Aim of the exercise. Omit the pictures and copy the entries exactly.

Provided records.
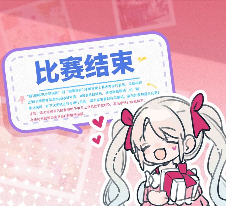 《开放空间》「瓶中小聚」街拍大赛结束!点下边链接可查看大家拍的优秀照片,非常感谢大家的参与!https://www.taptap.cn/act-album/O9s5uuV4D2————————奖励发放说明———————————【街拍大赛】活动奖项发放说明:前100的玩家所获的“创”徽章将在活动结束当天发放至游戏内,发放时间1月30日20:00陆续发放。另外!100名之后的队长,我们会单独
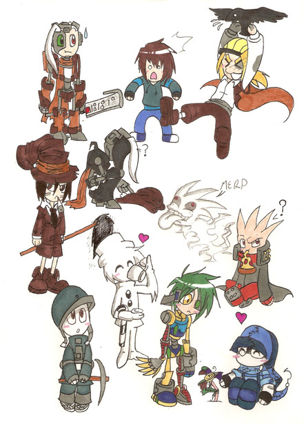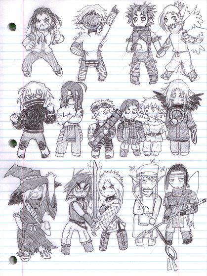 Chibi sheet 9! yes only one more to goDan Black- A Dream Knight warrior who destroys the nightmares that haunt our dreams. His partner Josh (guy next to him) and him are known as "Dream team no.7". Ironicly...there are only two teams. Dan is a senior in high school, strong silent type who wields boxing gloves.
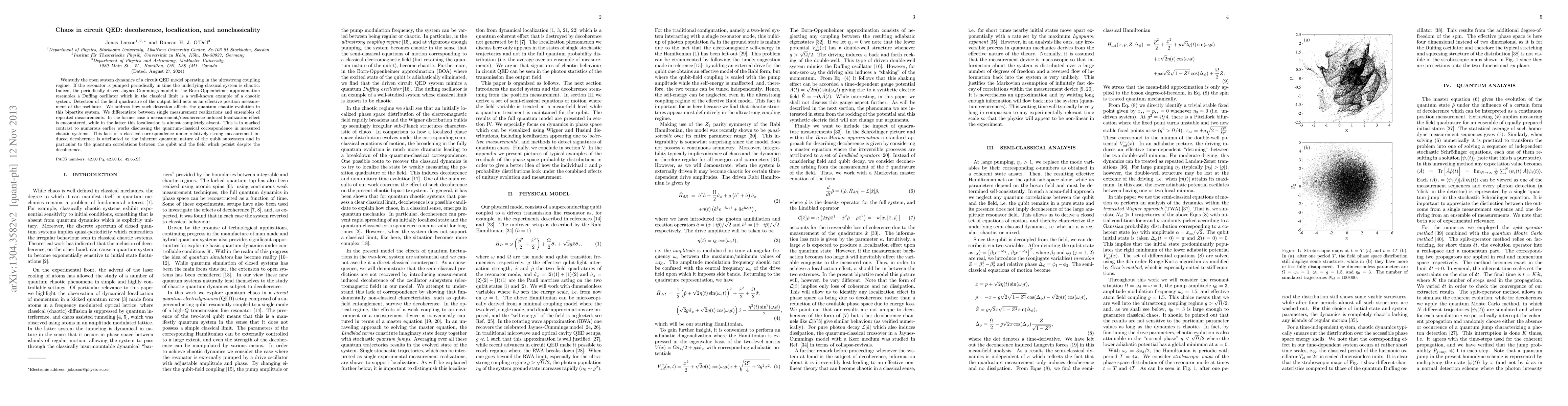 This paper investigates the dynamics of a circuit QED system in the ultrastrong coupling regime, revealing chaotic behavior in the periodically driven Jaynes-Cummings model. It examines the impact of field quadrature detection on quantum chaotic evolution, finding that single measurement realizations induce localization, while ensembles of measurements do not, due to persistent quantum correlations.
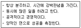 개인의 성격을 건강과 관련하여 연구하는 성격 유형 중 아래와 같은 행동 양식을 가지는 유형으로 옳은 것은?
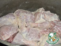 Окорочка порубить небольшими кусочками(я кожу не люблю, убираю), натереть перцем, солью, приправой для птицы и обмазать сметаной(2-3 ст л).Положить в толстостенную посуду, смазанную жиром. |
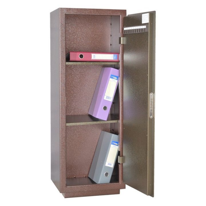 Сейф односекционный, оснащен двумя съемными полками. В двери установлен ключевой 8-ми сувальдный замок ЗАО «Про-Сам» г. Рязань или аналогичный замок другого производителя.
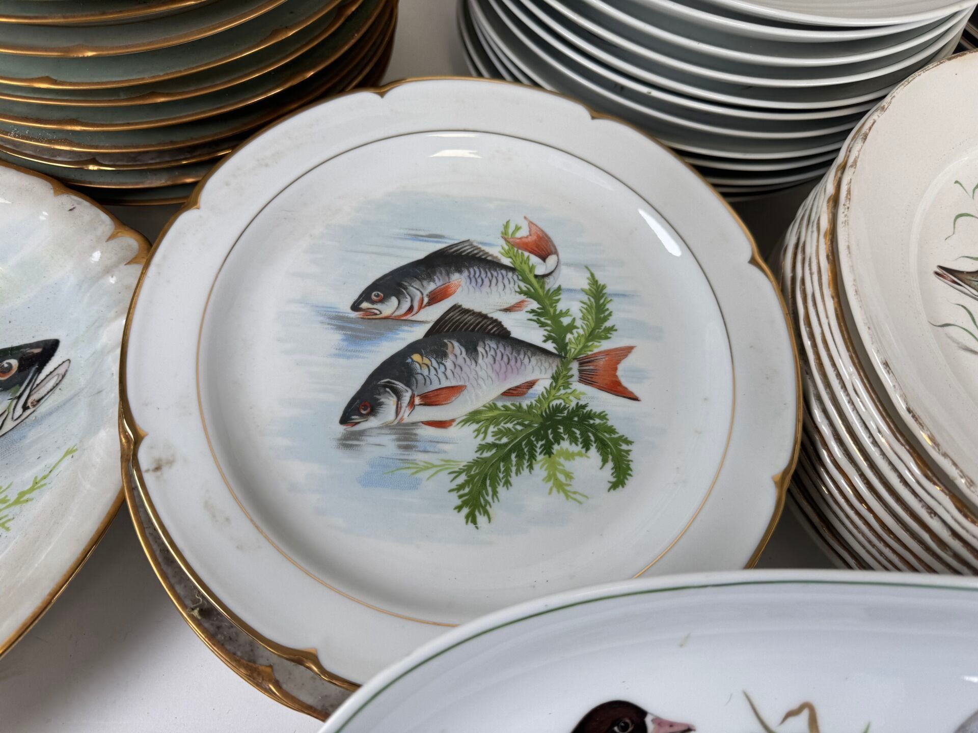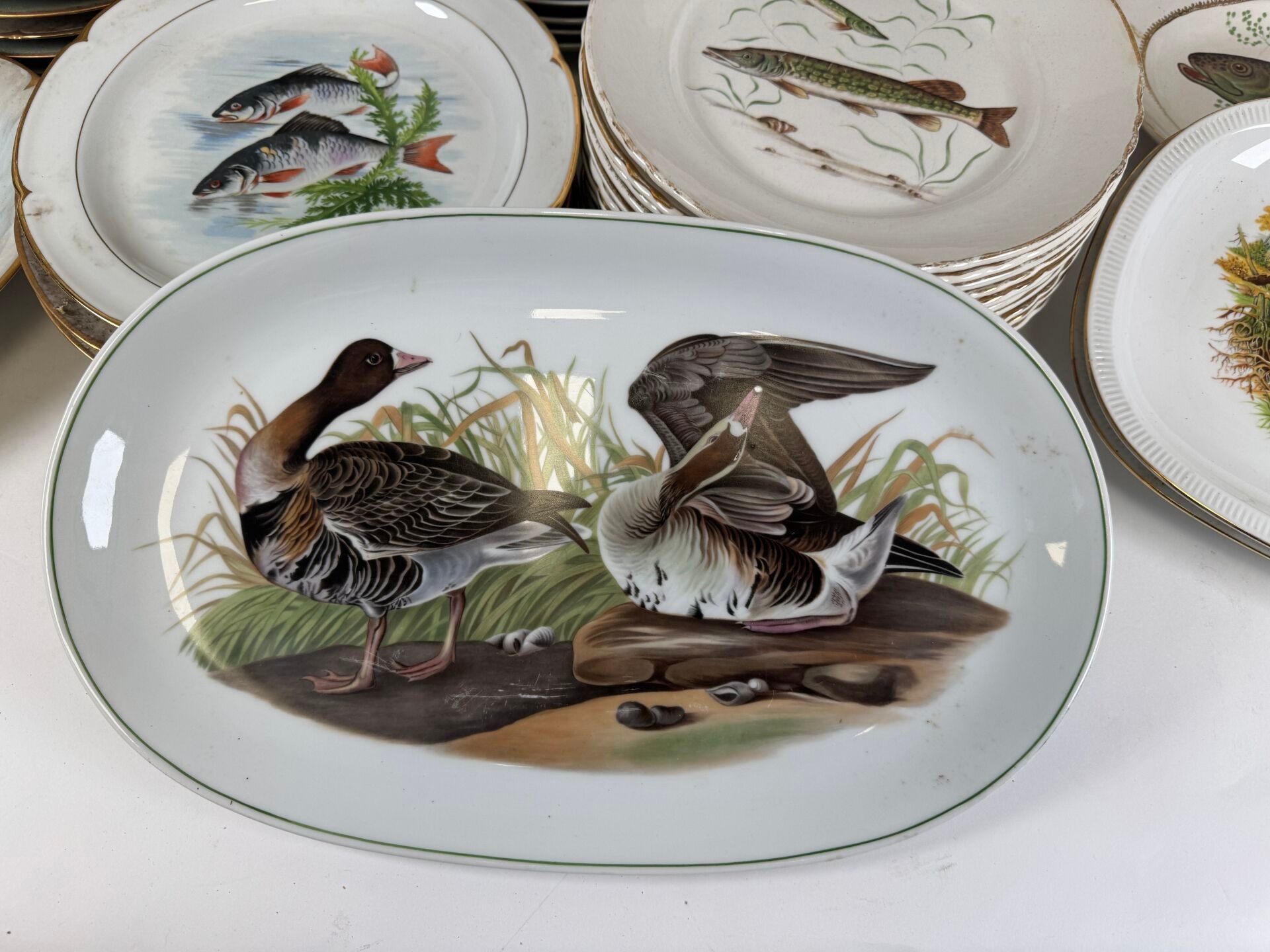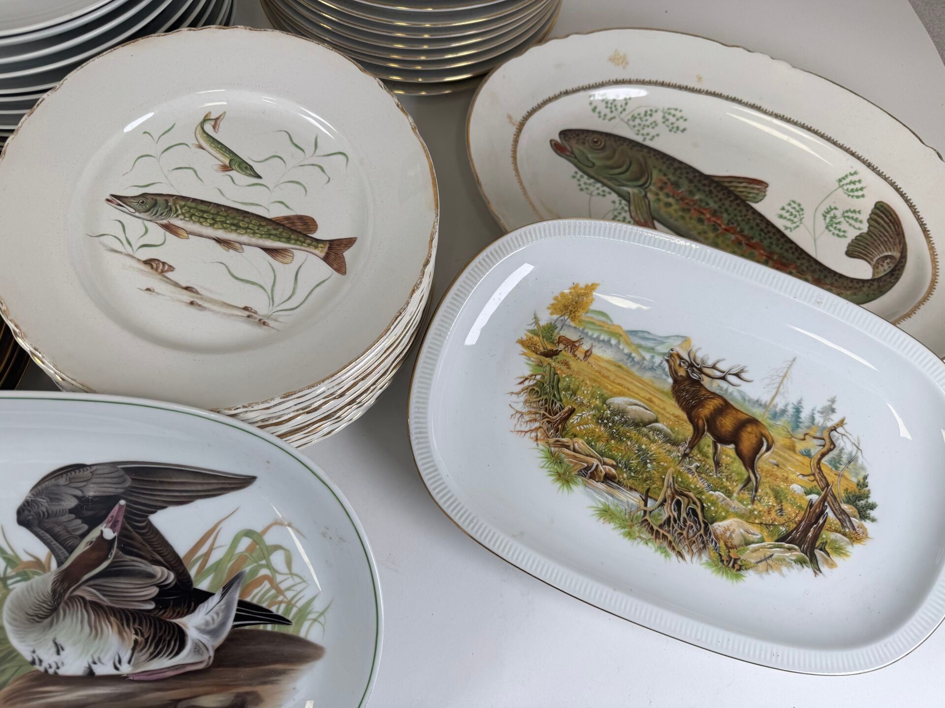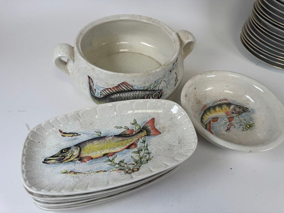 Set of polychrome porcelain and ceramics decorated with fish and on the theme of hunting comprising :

Exercise output.
 《开放空间》「瓶中小聚」街拍大赛结束!点下边链接可查看大家拍的优秀照片,非常感谢大家的参与!https://www.taptap.cn/act-album/O9s5uuV4D2————————奖励发放说明———————————【街拍大赛】活动奖项发放说明:前100的玩家所获的“创”徽章将在活动结束当天发放至游戏内,发放时间1月30日20:00陆续发放。另外!100名之后的队长,我们会单独
 Chibi sheet 9! yes only one more to goDan Black- A Dream Knight warrior who destroys the nightmares that haunt our dreams. His partner Josh (guy next to him) and him are known as "Dream team no.7". Ironicly...there are only two teams. Dan is a senior in high school, strong silent type who wields boxing gloves.
 This paper investigates the dynamics of a circuit QED system in the ultrastrong coupling regime, revealing chaotic behavior in the periodically driven Jaynes-Cummings model. It examines the impact of field quadrature detection on quantum chaotic evolution, finding that single measurement realizations induce localization, while ensembles of measurements do not, due to persistent quantum correlations.
 개인의 성격을 건강과 관련하여 연구하는 성격 유형 중 아래와 같은 행동 양식을 가지는 유형으로 옳은 것은?
 Окорочка порубить небольшими кусочками(я кожу не люблю, убираю), натереть перцем, солью, приправой для птицы и обмазать сметаной(2-3 ст л).Положить в толстостенную посуду, смазанную жиром. |
 Сейф односекционный, оснащен двумя съемными полками. В двери установлен ключевой 8-ми сувальдный замок ЗАО «Про-Сам» г. Рязань или аналогичный замок другого производителя.
 Set of polychrome porcelain and ceramics decorated with fish and on the theme of hunting comprising :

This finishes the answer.